Доктор Флореско вышел из парадного, сел за руль маленькой черной машины, а госпожа Мегрэ не могла оставить мальчика и пойти извиниться перед врачом. К тому же ее мучила мысль о томившемся на плите курином рагу. Мегрэ сказал, что придет обедать скорее всего в час дня. Быть может, лучше было бы обратиться в полицию? Но для этого опять-таки следовало покинуть сквер. Впрочем, сделать сие не представлялось возможным: мать ведь сойдет с ума от беспокойства, если, вернувшись, не застанет ее с ребенком на месте. Бог знает куда она тогда побежит и где они в конце концов смогут встретиться. А оставить двухлетнего малыша одного посреди сквера, в двух шагах от пролетающих мимо автобусов и машин госпожа Мегрэ тоже не могла.
— Извините, месье, не скажете ли, который час?
— Половина первого.
Рагу наверняка уже начало пригорать, а Мегрэ должен вот-вот вернуться. Впервые за многие годы совместной жизни он не застанет ее дома. Да и позвонить ему невозможно, поскольку опять-таки пришлось бы идти к телефону в баре напротив. Вот если бы мимо снова прошел тот же или какой-нибудь другой полицейский, она бы представилась и попросила позвонить мужу.
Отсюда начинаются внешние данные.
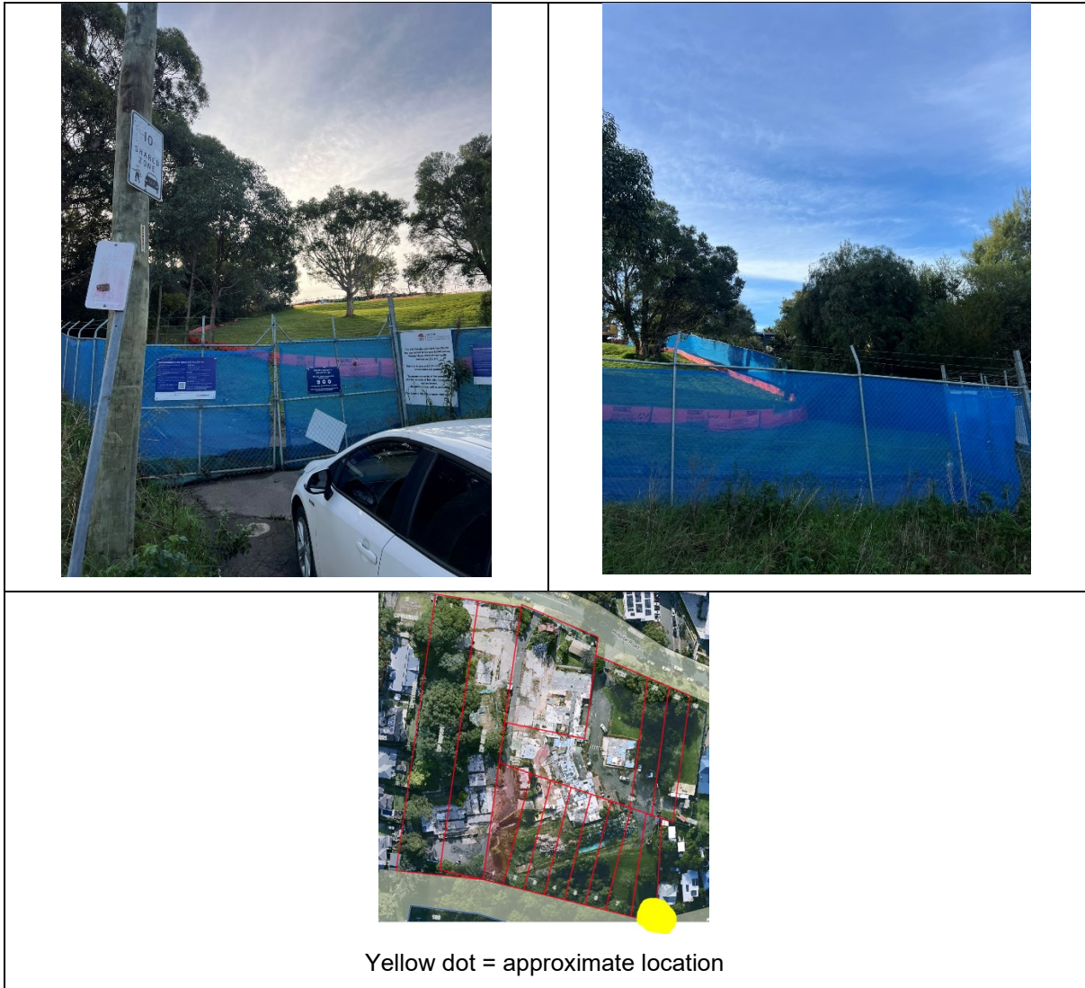
Yellow dot = approximate location

Но, как назло, в поле зрения не было ни одного блюстителя порядка. Госпожа Мегрэ вставала, садилась, оглядывалась по сторонам — повсюду ей мерещились белые шляпки, но ни одна из них не была той, которую она ждала. В течение получаса она насчитала более двадцати белых шляпок, причем обладательницы четырех из них были к тому же одеты в синие английские костюмы.
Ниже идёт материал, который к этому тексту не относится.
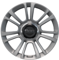
16-INCH ALUMINUM Standard on Pop

• = Standard. ○ = Optional. P = Available within Package. — = Not available.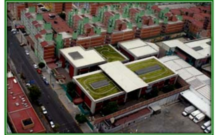
Preparatoria Iztacalco (High School), Mexico City

В одиннадцать часов утра, когда волнения госпожи Мегрэ, прикованной в Антверпенском сквере к ребенку (чьего имени она даже не знала), еще только начинались, ее супруг комиссар Мегрэ надел шляпу и вышел из своего кабинета. Он сказал несколько слов инспектору Люка и, бурча что-то себе под нос, направился к небольшой двери, соединявшей помещение судебной полиции с Дворцом правосудия.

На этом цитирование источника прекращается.